→ **SOURCE INFORMATION**:
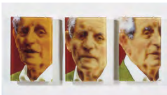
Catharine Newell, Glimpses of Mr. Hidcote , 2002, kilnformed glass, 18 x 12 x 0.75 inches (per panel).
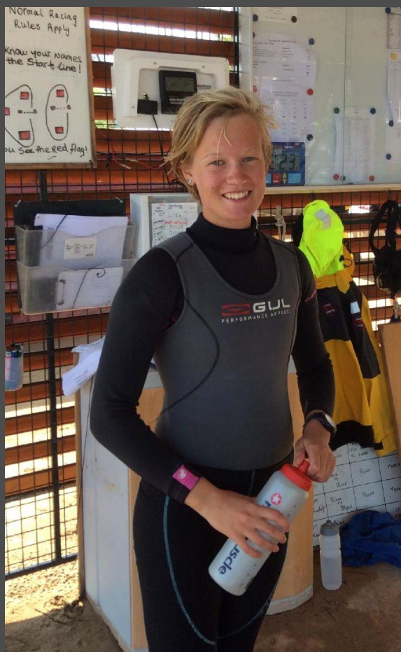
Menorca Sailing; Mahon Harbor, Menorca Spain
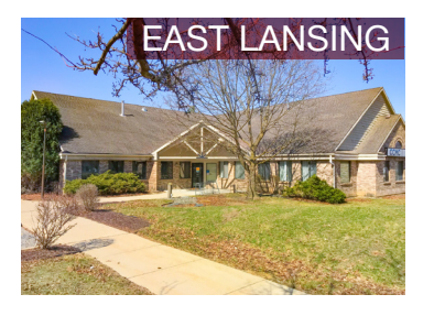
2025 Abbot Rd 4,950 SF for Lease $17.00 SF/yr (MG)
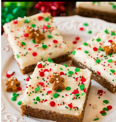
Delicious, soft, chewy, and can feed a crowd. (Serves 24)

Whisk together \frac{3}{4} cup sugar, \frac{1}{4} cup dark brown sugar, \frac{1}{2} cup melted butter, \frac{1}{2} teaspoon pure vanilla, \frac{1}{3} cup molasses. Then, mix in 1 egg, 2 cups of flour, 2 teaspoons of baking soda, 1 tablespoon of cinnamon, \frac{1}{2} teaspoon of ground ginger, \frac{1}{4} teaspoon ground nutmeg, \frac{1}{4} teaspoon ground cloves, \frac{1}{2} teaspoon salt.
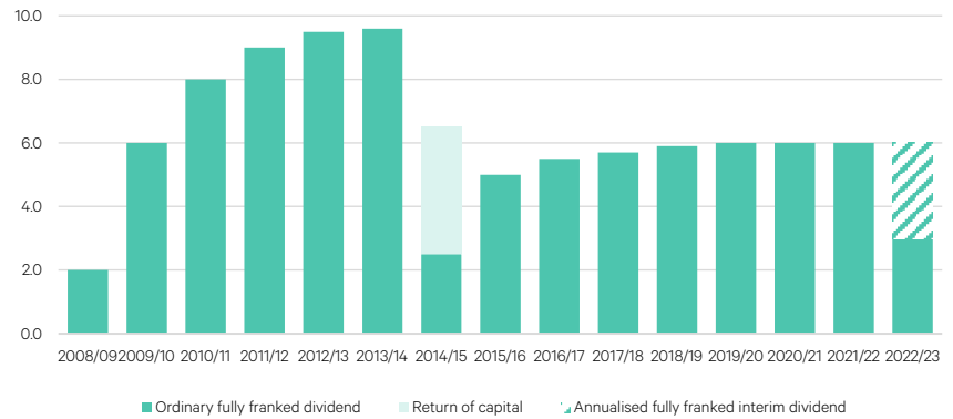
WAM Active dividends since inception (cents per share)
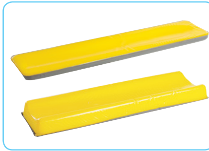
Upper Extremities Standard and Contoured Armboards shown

---

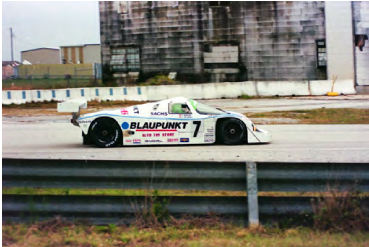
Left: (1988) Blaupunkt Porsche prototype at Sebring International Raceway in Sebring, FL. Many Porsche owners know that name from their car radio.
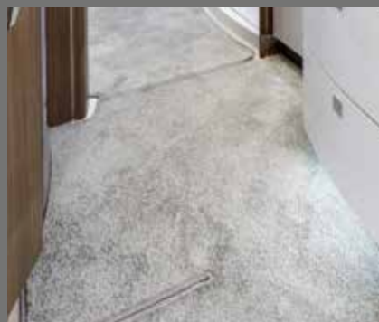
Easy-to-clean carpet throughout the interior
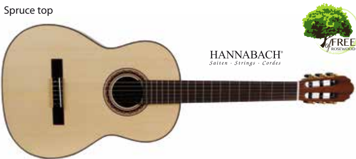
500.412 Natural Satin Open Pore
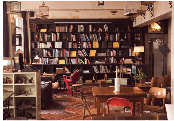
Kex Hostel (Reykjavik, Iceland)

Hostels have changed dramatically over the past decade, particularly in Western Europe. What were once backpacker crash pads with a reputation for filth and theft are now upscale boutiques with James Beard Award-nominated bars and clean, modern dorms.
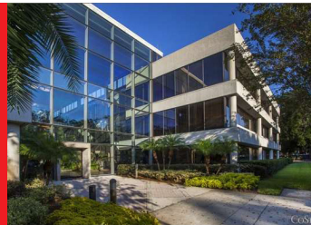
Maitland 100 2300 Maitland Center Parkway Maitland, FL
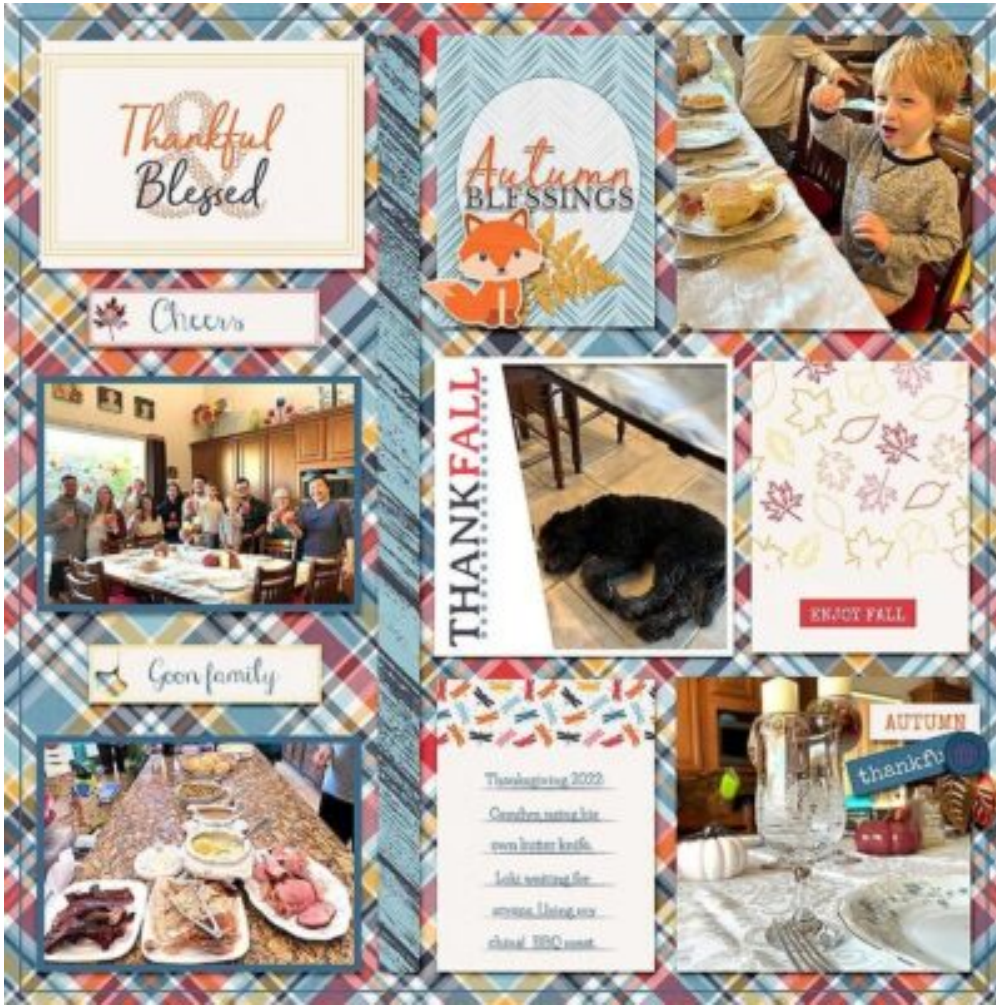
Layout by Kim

* * *

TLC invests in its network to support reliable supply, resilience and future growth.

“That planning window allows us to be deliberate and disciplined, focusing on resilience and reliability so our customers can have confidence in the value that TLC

→ **YOUR GOAL**:
Show the lines of the records that include the string "have".

→ **WRITTEN ANSWER**:
Hostels have changed dramatically over the past decade, particularly in Western Europe. What were once backpacker crash pads with a reputation for filth and theft are now upscale boutiques with James Beard Award-nominated bars and clean, modern dorms.
“That planning window allows us to be deliberate and disciplined, focusing on resilience and reliability so our customers can have confidence in the value that TLC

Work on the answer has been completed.